Additionally, institutional investors like pension funds and insurance companies hold vast potential. If just 10 percent of pension assets were allocated to infrastructure bonds, this could inject about Shs2.5 trillion annually into the economy according to URBRA).

The State Minister of Finance Planning and Economic Development Henry Musasizi said the theme of the Forum: “Financial Markets as a Complementary Platform for Funding the Planned Ten-Fold Growth’’ fits within the broader strategy of the government to grow the economy ten-fold.

Mr Musasizi said Nigeria is one of the African economies that has greatly used their Capital Markets as an alternative source of financing to complement bank financing.
“Capital Markets can mobilise both long-term and short-term finance for all sectors of the economy. While this is the case in other economies including Nigeria, the Capital Markets in Uganda remain small contributing about 7 percent of Uganda’s GDP. This implies that there are missing links to enable the Capital Markets to play a substantial role as a complementary source of long-term patient capital,” he said. 

Dr Albert Musisi said although Uganda’s economic growth was better than its peers, and above the sub-Saharan average, actual GDP growth was below Uganda’s potential GDP growth estimated at 6 – 7 percent.

Dr Musisi said that accelerating growth and structural transformation requires further increases in both actual and potential GDP.
“In Uganda’s case, it means both actual and potential real GDP growth will have to grow significantly more than the level achieved last year of 6 per cent per annum.
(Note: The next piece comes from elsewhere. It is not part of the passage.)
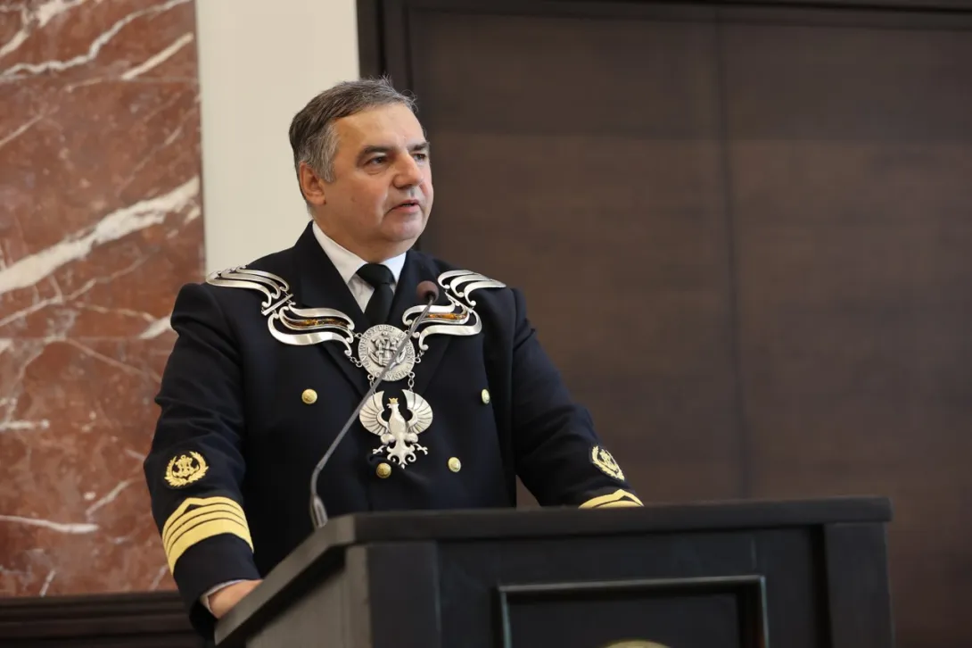 Podczas uroczystości okolicznościowe przemówienie wygłosił JM Rektor Uniwersytetu Morskiego w Gdyni prof. dr hab. inż. kpt. ż.w. Adam Weintrit.

This means new sources of growth must be found and there must be improvements in the productive capacity of the economy to achieve a higher growth potential,” he said.

“Growing the economy ten-fold requires sustaining high economic growth rates for several years. Economies worldwide, including Uganda, are facing frequent internal and external shocks caused by, among others, globalisation (increased financial and trade linkages), climate change, and geo-political tensions.